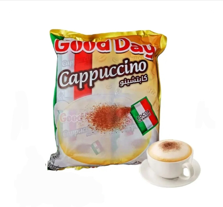 کاپوچینو گوددی Good Day (30 عددی): یکی از پر فروش ترین محصولات برند گود دی کاپوچینو های فوری حاوی شکر این کمپانی میباشد، که در پشته هر بسته بندی خود، داری پودر کاکائو بوده که هم طعم خوبی را در نوشیدنی شما ایجاد می نماید و هم برای دیزاین روی فنجان حاوی نوشیدنی خود میتوانید از آن استفاده نمایید.
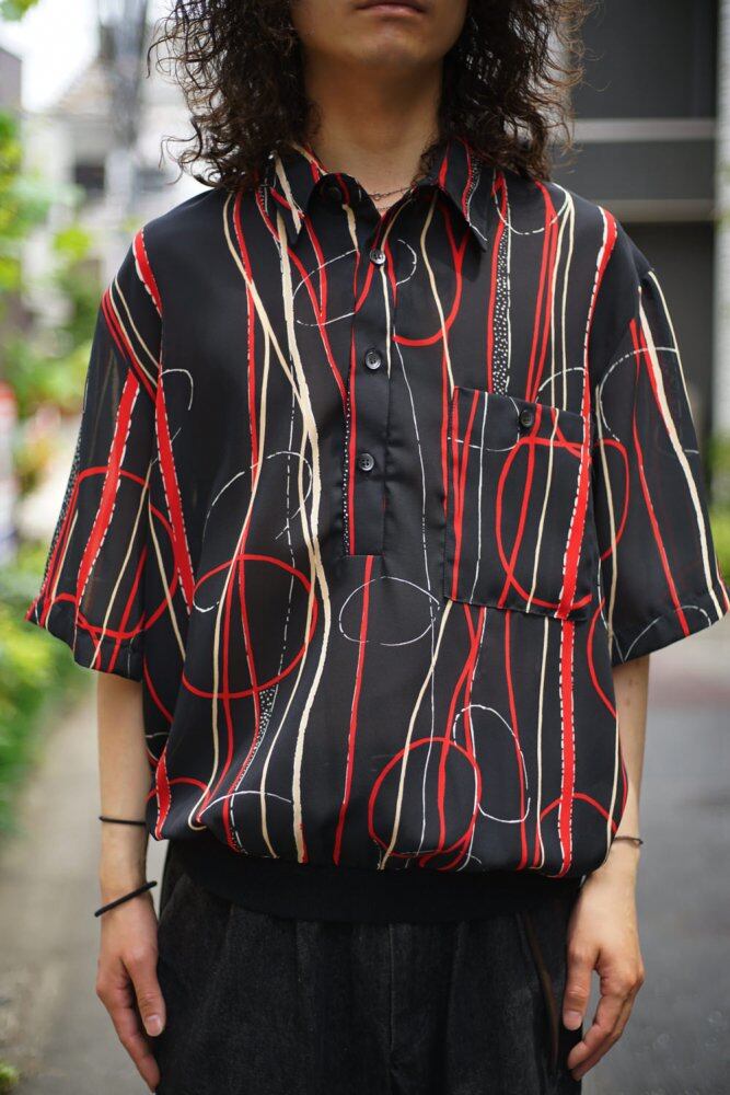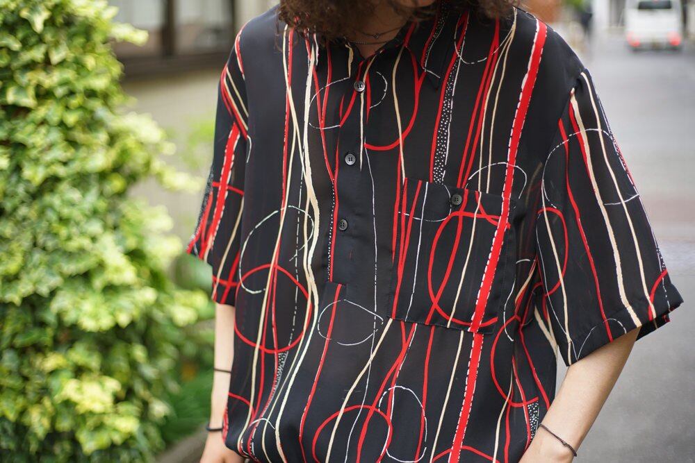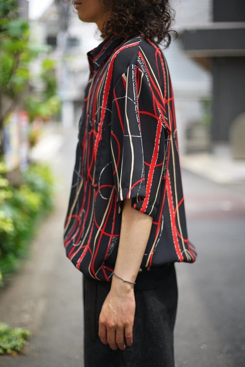 The light texture of polyester fabric is used, and the contrast of the abstract red and white lines on the black body gives a modern impression.
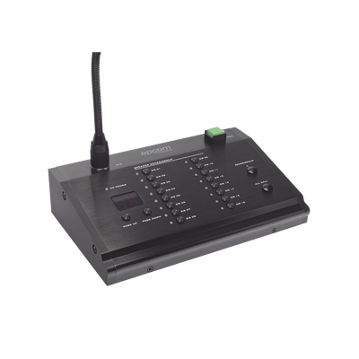 Micrófono 16 zonas SF-6200RM de EPCOM PROAUDIO, ideal para sistemas de megafonía. Soporta 16 zonas y permite hasta 32 micrófonos en cascada. Cuenta con 1 entrada y salida de audio, sensibilidad de 10mV/600Ω y un rango de frecuencia de 200Hz a 10KHz. Su diseño compacto de 256 x 52 x 149mm lo hace perfecto para diversas aplicaciones.
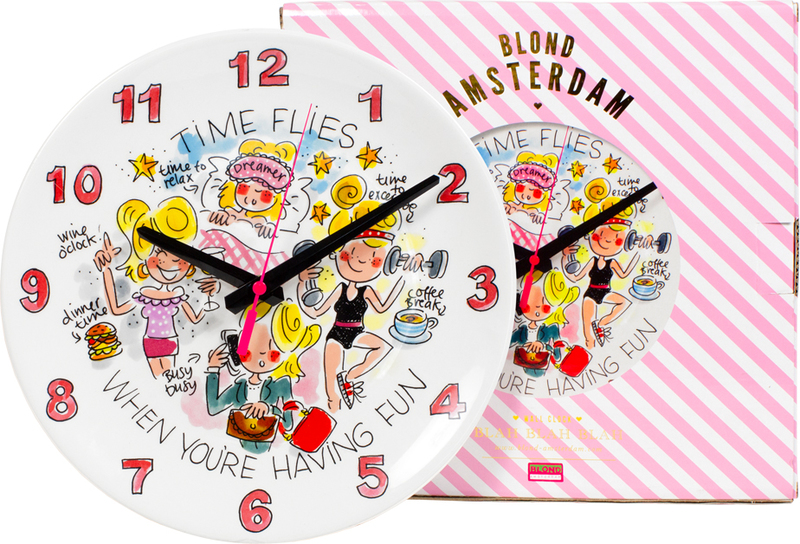 Die Even Bijkletsen Serie ist mit dieser Blond-Amsterdam Wanduhr erweitert worden. Auf der Keramik-Uhr sind Texte und Zeichnungen mit Bezug zu jeder Stunde abgebildet.
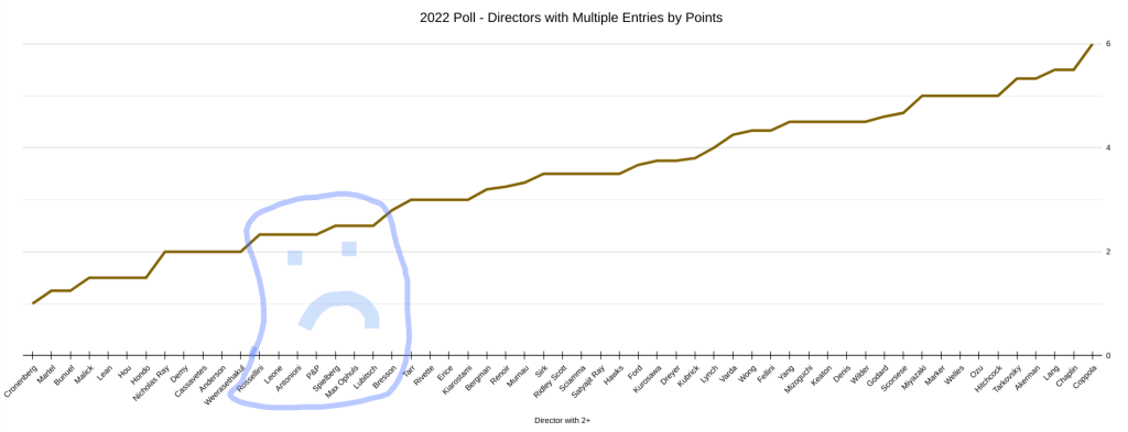 Maybe Steven Spielberg doesn’t really belong in this group, seeing as Jaws came in just outside the top 100 despite being completely absent from the 2012 list. (I know, something else to talk about later.) On the other hand, the guy did just lose E.T. from his count, and here I thought that was going to be one of his more reliable numbers. I’ll also listen to objections about Sergio Leone, who has Once Upon a Time in the West in the top 100 and got The Good, the Bad, and the Ugly on here as well. But the rest of the men here are in some kind of peril. They, and here I do include Spielberg and even Leone, who has now split from halves to thirds, bear filmographies which are just varied enough to deny a consensus. One may pick and choose just a little too much from these. Take Bresson, who in the past two polls has seen Au hasard Balthazar, Pickpocket, A Man Escaped, L’argent, Mouchette, Diary of a Country Priest, and The Devil Probably make the cut. He’s down to the first five now, with only Balthazar and A Man Escaped in the top 100, and the latter barely hanging on at that. Taxi Driver is Pickpocket now, and I say that ruefully despite being someone who prefers Taxi Driver. Antonioni has three features on the list, having lost The Passenger and Blow Up from 2012, and L’eclisse is one of eight movies on the 2022 list to have fallen more than one hundred spots. The others? Silent movies (Intolerance, Greed, The Last Laugh), a Bresson (Mouchette), the increasingly radioactive Woody Allen (Annie Hall), and two by Powell and Pressburger. A Canterbury Tale is not going to be here in 2032, and despite the lake still being there and Candy, presumably, remaining unchanged, I worry that we’ll lose Colonel Blimp as well. The Archers combine for six films, a number that is equaled only by Alfred Hitchcock on this poll. But despite being tied for first in films, they are tied for fifteenth in points, alongside Bresson(!), Scorsese, and Howard Hawks. I’ve lamented the loss of older films in that post I linked to up there, and trust me, that dissatisfaction spreads out to losing multiple Mizoguchis and Spring in a Small Town as well as losing Bresson and watching silent cinema disappear. I won’t reiterate the bulk of that again; mostly I don’t like the feeling that the people who I’d hope would have longer views don’t really seem to maintain that kind of vision.
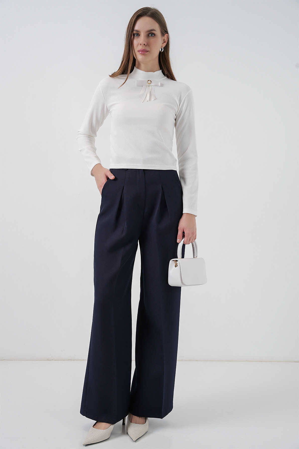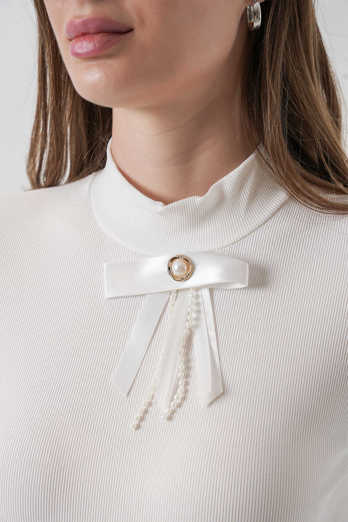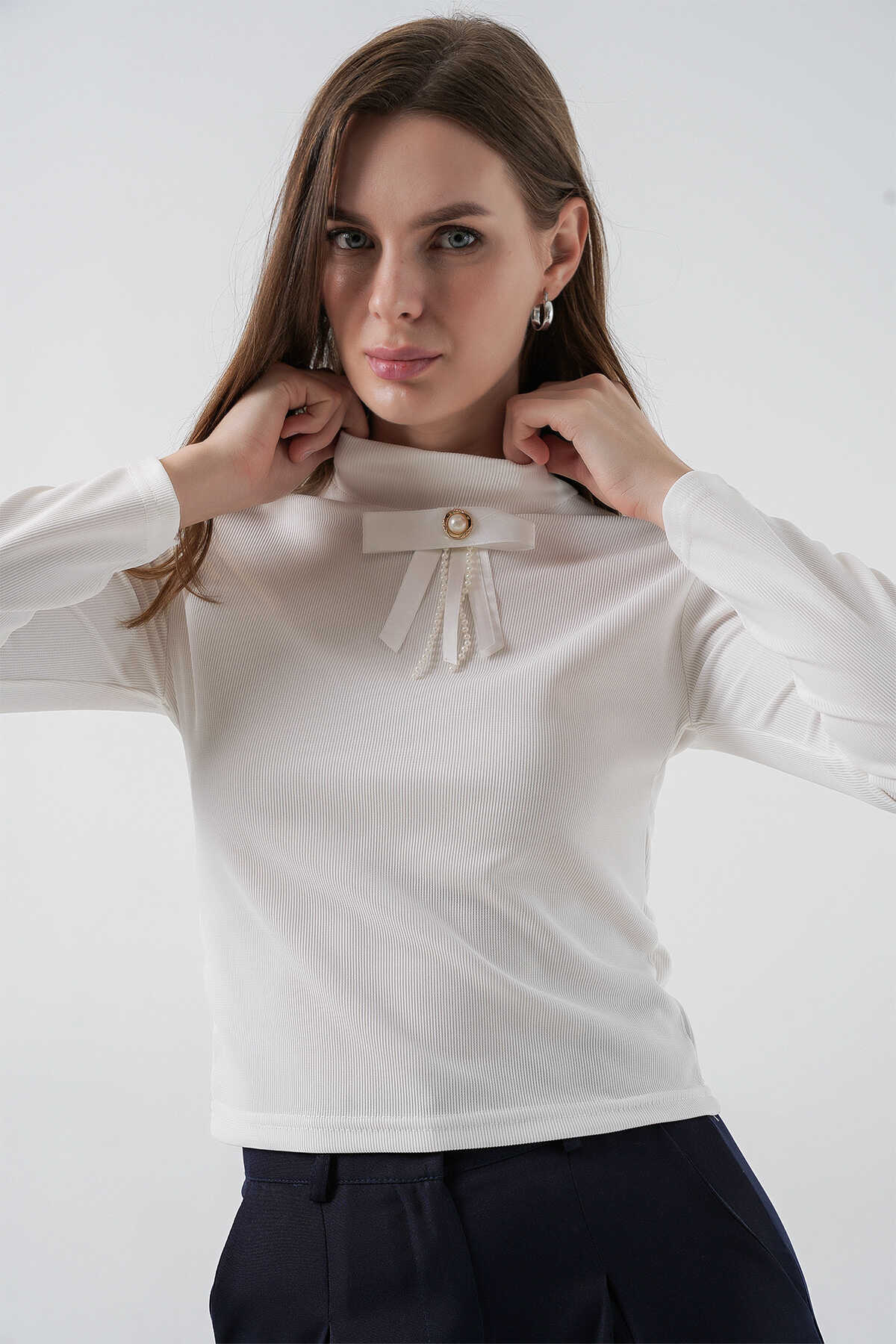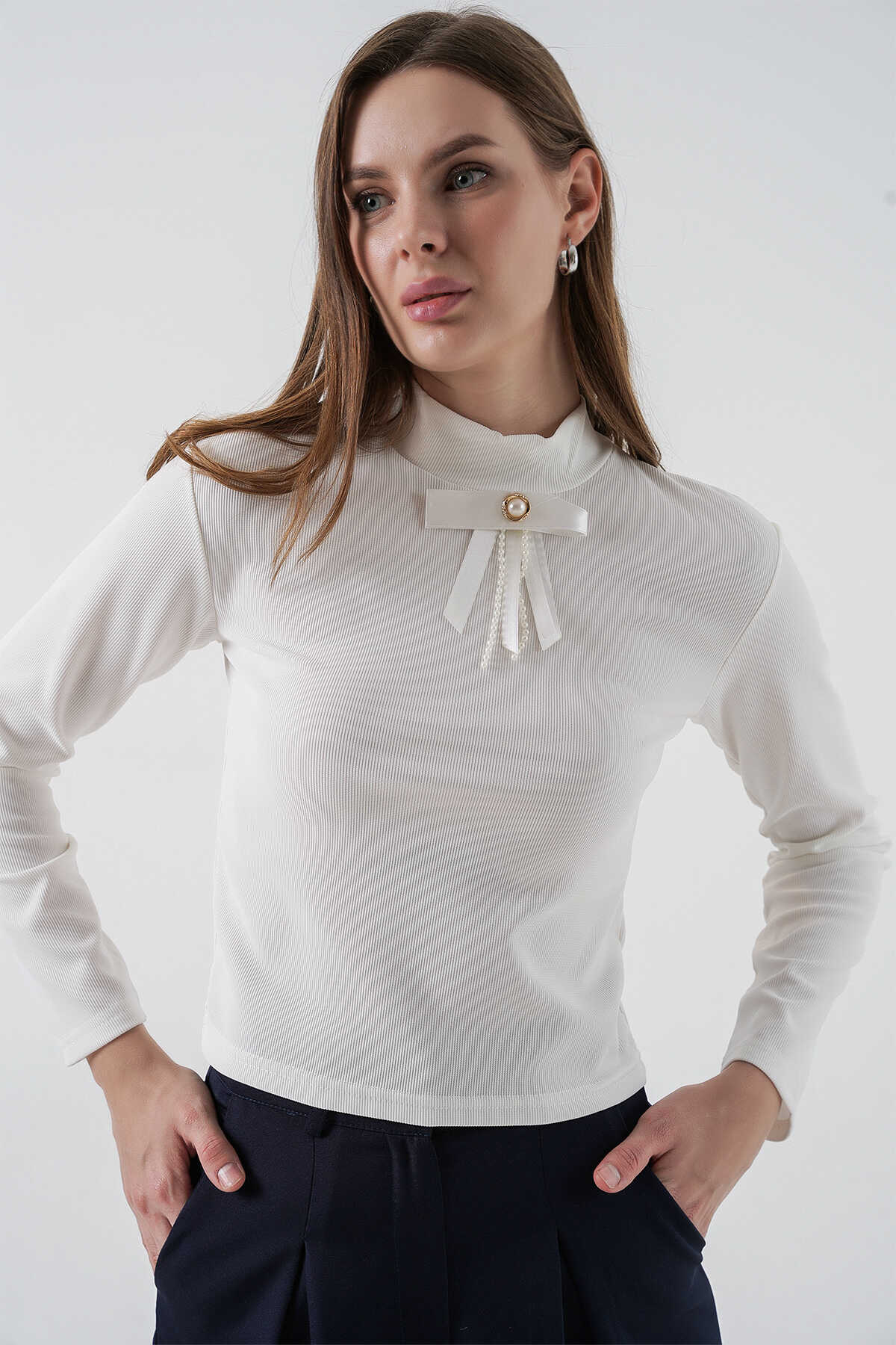 Kadın Kurdale Detay Uzun Kollu Bluz 977 - Beyaz - Kombin

**Problem statement:** Copy every record exactly, but skip the pictures.

**Response below:**
 کاپوچینو گوددی Good Day (30 عددی): یکی از پر فروش ترین محصولات برند گود دی کاپوچینو های فوری حاوی شکر این کمپانی میباشد، که در پشته هر بسته بندی خود، داری پودر کاکائو بوده که هم طعم خوبی را در نوشیدنی شما ایجاد می نماید و هم برای دیزاین روی فنجان حاوی نوشیدنی خود میتوانید از آن استفاده نمایید.
 The light texture of polyester fabric is used, and the contrast of the abstract red and white lines on the black body gives a modern impression.
 Micrófono 16 zonas SF-6200RM de EPCOM PROAUDIO, ideal para sistemas de megafonía. Soporta 16 zonas y permite hasta 32 micrófonos en cascada. Cuenta con 1 entrada y salida de audio, sensibilidad de 10mV/600Ω y un rango de frecuencia de 200Hz a 10KHz. Su diseño compacto de 256 x 52 x 149mm lo hace perfecto para diversas aplicaciones.
 Die Even Bijkletsen Serie ist mit dieser Blond-Amsterdam Wanduhr erweitert worden. Auf der Keramik-Uhr sind Texte und Zeichnungen mit Bezug zu jeder Stunde abgebildet.
 Maybe Steven Spielberg doesn’t really belong in this group, seeing as Jaws came in just outside the top 100 despite being completely absent from the 2012 list. (I know, something else to talk about later.) On the other hand, the guy did just lose E.T. from his count, and here I thought that was going to be one of his more reliable numbers. I’ll also listen to objections about Sergio Leone, who has Once Upon a Time in the West in the top 100 and got The Good, the Bad, and the Ugly on here as well. But the rest of the men here are in some kind of peril. They, and here I do include Spielberg and even Leone, who has now split from halves to thirds, bear filmographies which are just varied enough to deny a consensus. One may pick and choose just a little too much from these. Take Bresson, who in the past two polls has seen Au hasard Balthazar, Pickpocket, A Man Escaped, L’argent, Mouchette, Diary of a Country Priest, and The Devil Probably make the cut. He’s down to the first five now, with only Balthazar and A Man Escaped in the top 100, and the latter barely hanging on at that. Taxi Driver is Pickpocket now, and I say that ruefully despite being someone who prefers Taxi Driver. Antonioni has three features on the list, having lost The Passenger and Blow Up from 2012, and L’eclisse is one of eight movies on the 2022 list to have fallen more than one hundred spots. The others? Silent movies (Intolerance, Greed, The Last Laugh), a Bresson (Mouchette), the increasingly radioactive Woody Allen (Annie Hall), and two by Powell and Pressburger. A Canterbury Tale is not going to be here in 2032, and despite the lake still being there and Candy, presumably, remaining unchanged, I worry that we’ll lose Colonel Blimp as well. The Archers combine for six films, a number that is equaled only by Alfred Hitchcock on this poll. But despite being tied for first in films, they are tied for fifteenth in points, alongside Bresson(!), Scorsese, and Howard Hawks. I’ve lamented the loss of older films in that post I linked to up there, and trust me, that dissatisfaction spreads out to losing multiple Mizoguchis and Spring in a Small Town as well as losing Bresson and watching silent cinema disappear. I won’t reiterate the bulk of that again; mostly I don’t like the feeling that the people who I’d hope would have longer views don’t really seem to maintain that kind of vision.
 Kadın Kurdale Detay Uzun Kollu Bluz 977 - Beyaz - Kombin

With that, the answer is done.